One thing I have noticed is it doesn't depend on the name of the petstore but rather the people who work there. You can have the best or worst known company in business but it's up the the employees to take care of the animals there. 

My itty bitty betta was from Petco. While others where healthy looking she was a floater. They didn't even give me a discount on a mostly dead fish.


----------



## Butterfly (Nov 13, 2012)

it definitely has everything to do with the people that work there. If they care enough about the animals(as one working at an ANIMAL STORE should), they will go above and beyond as a good worker and CARETAKER in order to give the animals the best care that they possibly can within means. 

It's not like the petco by my place is busy AT ALL. yet the people still can't manage to change the --- water >.< 

lol funny walmart. You can do that and get away with it. Awesome.


----------



## BettaPirate (Nov 20, 2012)

RoMay said:


> One thing I have noticed is it doesn't depend on the name of the petstore but rather the people who work there. You can have the best or worst known company in business but it's up the the employees to take care of the animals there.
> 
> My itty bitty betta was from Petco. While others where healthy looking she was a floater. They didn't even give me a discount on a mostly dead fish.


Wow, you can get a discount on a cracked tank but not on a mostly dead fish, something is wrong there.

If I ever have the money or space to take care for a rescue betta I will take a before and after picture and take them back to the store to show them!


----------



## RoMay (Nov 28, 2012)

BettaPirate said:


> Wow, you can get a discount on a cracked tank but not on a mostly dead fish, something is wrong there.
> 
> If I ever have the money or space to take care for a rescue betta I will take a before and after picture and take them back to the store to show them!


I did find a picture of Kaoru (betta) when she was first beginning to swim and she wasn't using her tail and it was just hanging limp behind her. It is absolutely amazing the transformation she's been making. Yeah, she did live, but I have no idea how. Though I wish I got a picture of her when she was a floater so I could have recorded the road she's taken so far.

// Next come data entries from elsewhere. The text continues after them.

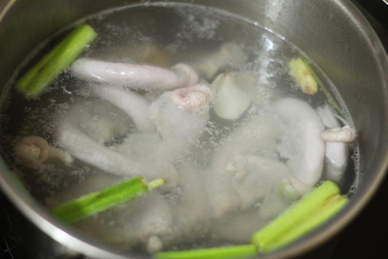 Sau khi rửa thật sạch xương ống, bạn trần qua nước sôi để loại bỏ cặn và mùi hôi. Sau đó rửa lại thật sạch với nước lạnh, để cho ráo nước hoàn toàn.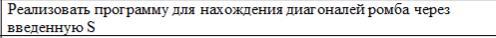 Реализовать программу для нахождения диагоналей ромба через введенную S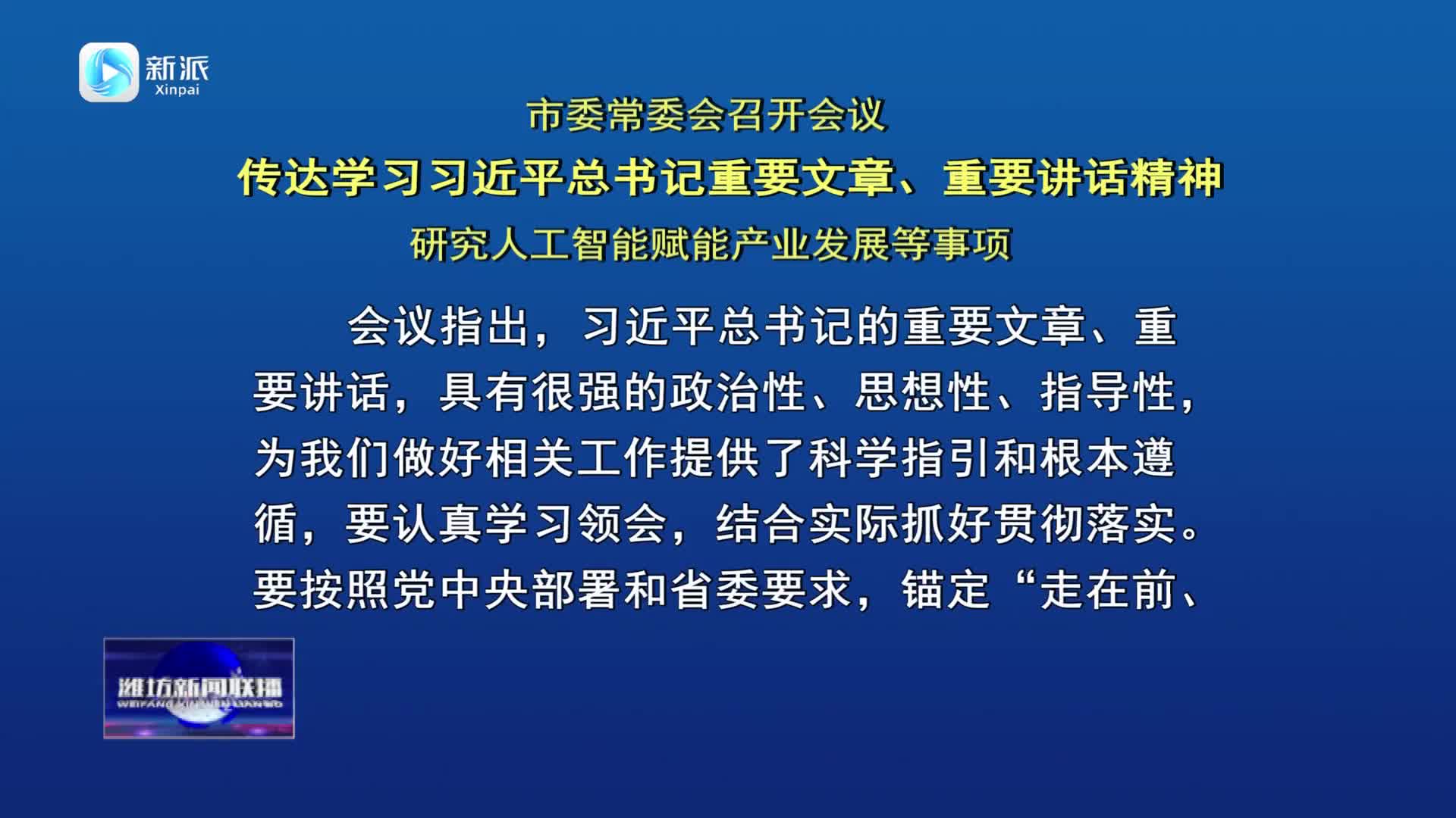 【濰坊新聞聯(lián)播】市委常委會召開會議 傳達學習習近平總書記重要文章、重要講話精神 研究人工智能賦能產(chǎn)業(yè)發(fā)展等事項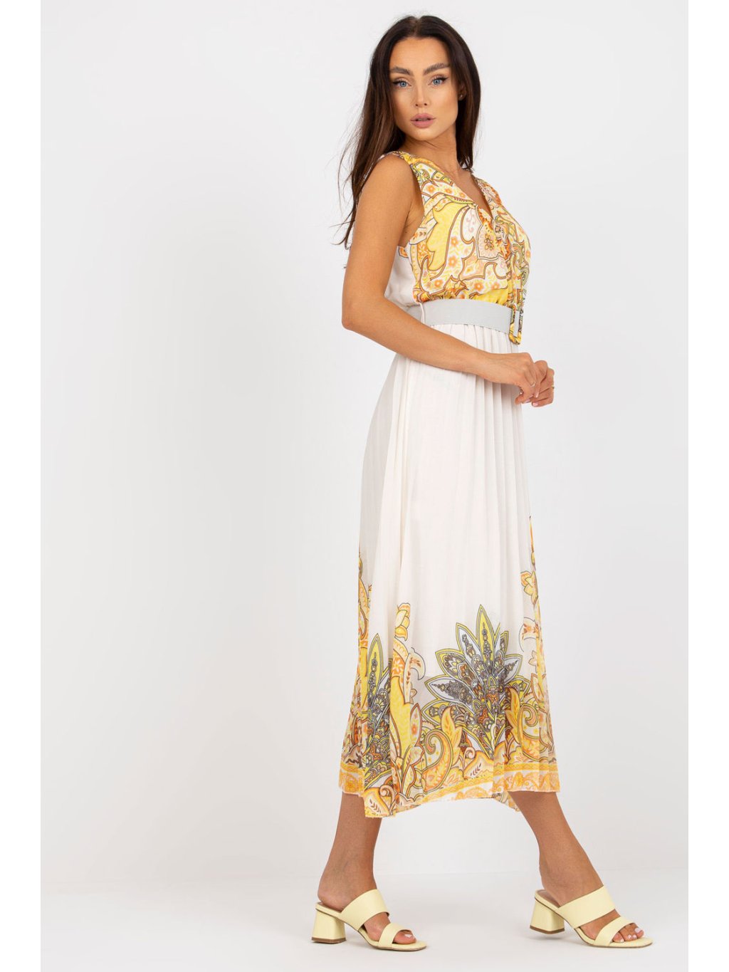 Letní rozevláté šaty bez rukávů, s podšívkou. Obálkový výstřih, plisovaný spodní díl, pásek pro doplnění vzhledu.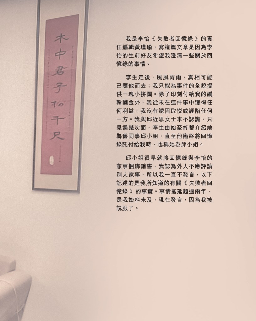 2021年底,李怡邀請瑾瑜「幫手做」回憶錄,2022年5月更確定編務範圍,瑾瑜即擔起責任編輯一職。2022年9月26日,李怡於深切治療部向黃瑾瑜託付重任,請她無論如何要將回憶錄編好,臨終前李怡從來沒有提及「口述代筆」。李怡10月5日去世。黃瑾瑜又指李怡撰寫有關《蘋果日報》篇章時,曾經表明「我也就提前在這裏寫《失敗者回憶錄》的尾段」,就是回憶錄的最終章。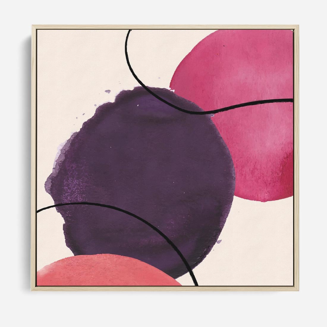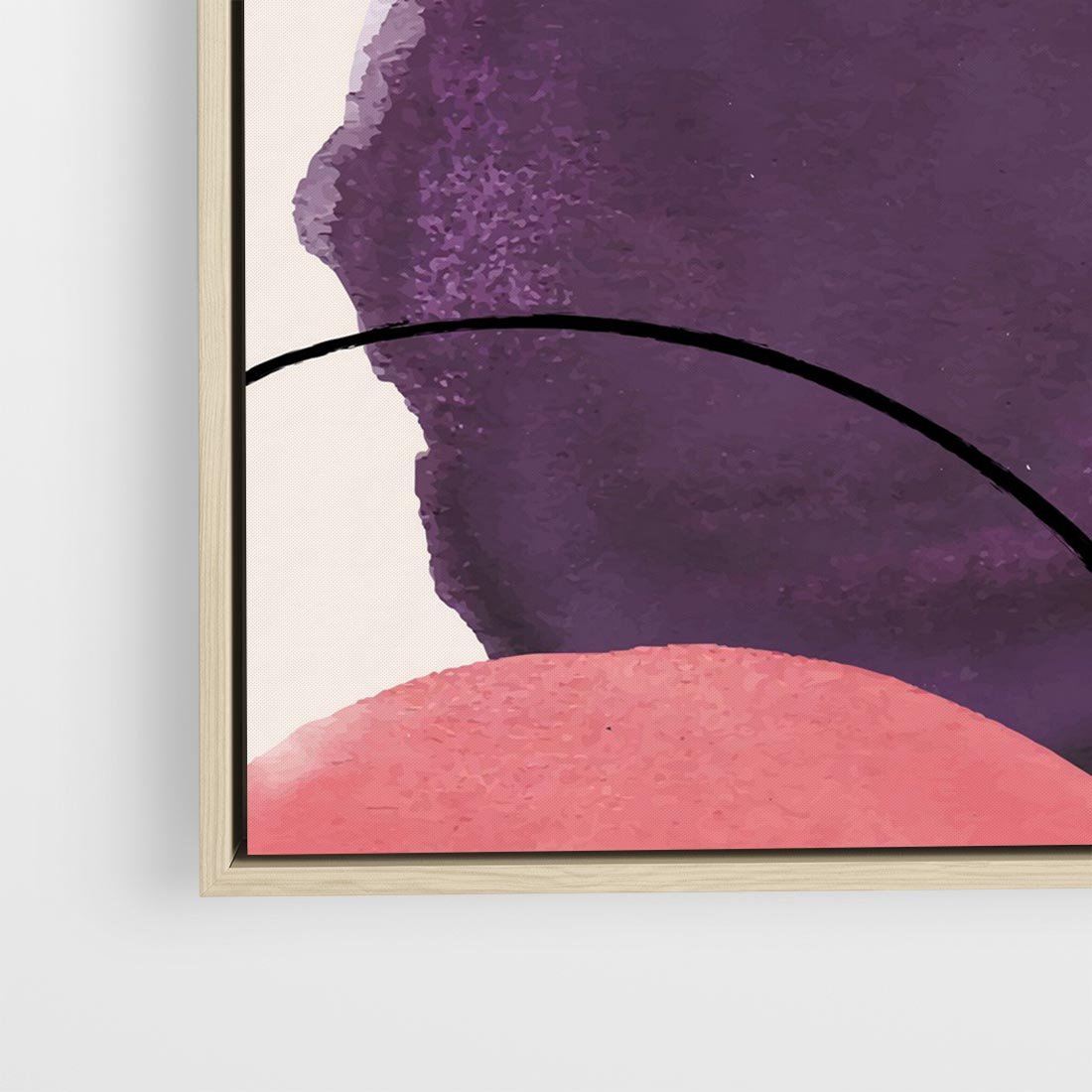 Ten obraz ukazuje abstrakcyjne akwarelowe plamy, nieregularne linie i dynamiczną kompozycję, tworząc piękny chaos w odcieniach fioletu i różu.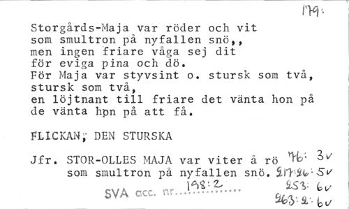 //// Storgårds-Maja var röder och vit som smultron på nyfallen snö,, men ingen friare våga sej dit för eviga pina och dö. //// För Maja var styvsint o. stursk som två, stursk som två, //// en löjtnant till friare det vänta hon på de vänta hpn på att få. //// FLICKAN,- DEN STURSKA //// Jfr. STOR-OLLES MAJA var viter å rö ^ //// som smultron på nyfallen snö. HM iif 5V //// SVA ccc. nr.JWZ— fi *** ^ ////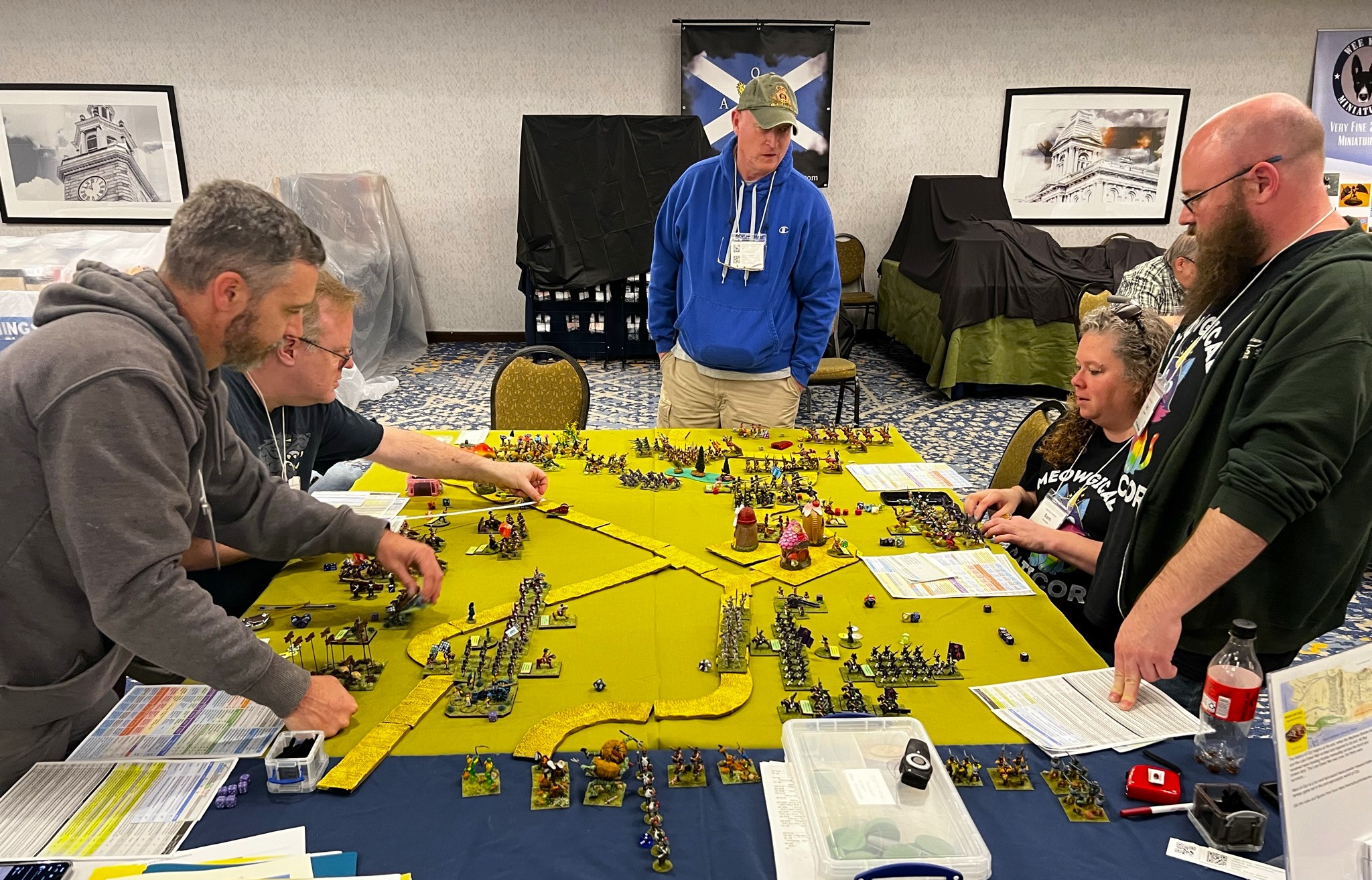 As background, the Huzzah! 2023 gaming convention was held in South Portland, ME, from May 19th to May 21st. It is run annually by the Maine Historical Wargamers Association (MWHA). There are two Facebook pages associated with the group, one is for the MWHA and one for the Huzzah! convention that you can access.
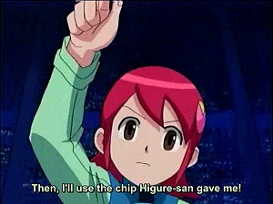 That very rememberable moment when Meiru slots in the Devil Chip, which ultimately transforms Roll-chan and turns her evil. A very nice pan shot of the entire frame!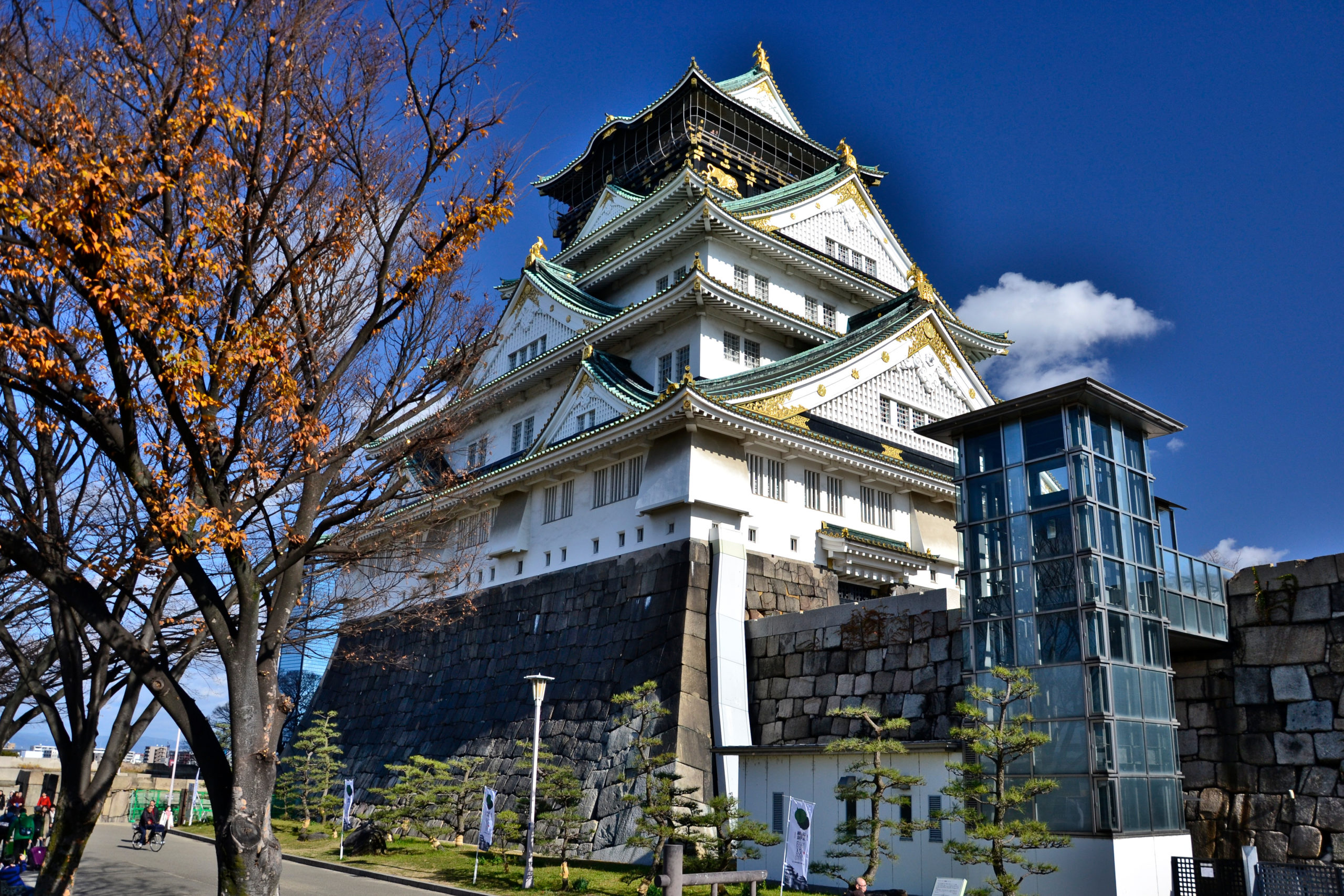 Unseren letzten Tag in Japan haben wir in Osaka verbracht, einer großen Handelsstadt aufgrund ihrer Industrie und ihres Hafens. Osaka hat viele Flüsse und Kanäle und ist daher auch als „Venedig des Ostens“ und „Stadt der 808 Brücken“ bekannt. Gegenüber den riesigen Wolkenkratzern, wie dem blauen Kristallturm, befindet sich auf einem Hügel eine riesige japanische Burg. Die Burg von Osaka stammt ursprünglich aus dem Ende des 16. Jahrhunderts, wurde jedoch wie andere kulturelle Gebäude in Japan mehrmals zerstört, so dass die heutige Burg aus dem 20. Jahrhundert stammt. Leider hatten wir nur einen halben Tag in Osaka, werden aber das nächste Mal länger in Osaka bleiben.

Petco is where I got her, but the employees at petsmart are the ones rooting for her. Petsmart has the best supplies for smaller tanks less then 2 gal.

http://i69.photobucket.com/albums/i59/Apple__Ro/DSC02557.jpg
http://i69.photobucket.com/albums/i59/Apple__Ro/DSC02559.jpg
Earliest pictures I have. It amazes me how darker she's become. BTW the top pic she isn't turning, that's how her spine used to be.


----------



## BettaPirate (Nov 20, 2012)

poor baby! but i'm glad she is on the road to recovery! I am taking a trip to walmart tomorrow for some Christmas crafts for my son and I know I won't be able to just walk past the betta section without shedding a tear for the poor fishies


----------



## Saphira101 (Nov 14, 2012)

my petsmart is AWESOME with the bettas, I always get mine from them because the water is clean, the bettas are healthy, and the employees are knowledgeable. my local petco on the other hand is terrible with bettas (not to mention all of the other fish; they don't even isolate sick ones.) last time I was there getting a new siphon I saw this male lying on the bottom of his cup that was breathing heavily but couldn't get up for air.  just about broke my heart. when I'm old enough to get a job, I'll work there and do water changes, (not only for bettas but for all the fish) feed them adequately, and give some decent advice to customers.


----------



## emeraldmaster (Sep 6, 2012)

I personally screamed at the fish person in Walmart for half an hour on how to care for fish. Then I made sure that my complaints were heard by the Manager. I was offered one of the bettas for free, the one that started the nagging. A cambodian crowntail girl in 1cm of water. Couldn't take her, but left a mighty big impression. Now the fish tanks, ALL of them, are cared for. I asked around until I met the new fish person. Lucky for me, her has studdied fish for 30 years, and is a HUGE fanatic. The other employees are still scared of me. All of this took place at Walmart!


----------



## BettaPirate (Nov 20, 2012)

Today I went to Wal-Mart and they only had female betta but they all looked healthy and had clean water, but I did see a half empty bottle of their "betta water" so I wonder if a concerned citizen helped out the fish. Then I went to Petsmart and they had a LOT of bettas today and all looked alright except the one dead one  it was hidden behind a price sigh and I think that's why the fish workers missed him. The two ladies working the fish department were very upset and went and did a off schedule check on all the other betta. Then I went to a different petco than I had written about previously and it was HORRIBLE! no one was even in the fish section working and there was at least one dead fish in each tank and I counted at LEAST 4 dead betta and at least 8 with finrot! poor babies! I would have taken them all if I could


----------



## Saphira101 (Nov 14, 2012)




----------



## emeraldmaster (Sep 6, 2012)

They need a good yelling, you may change their ways. but it will be hard.


----------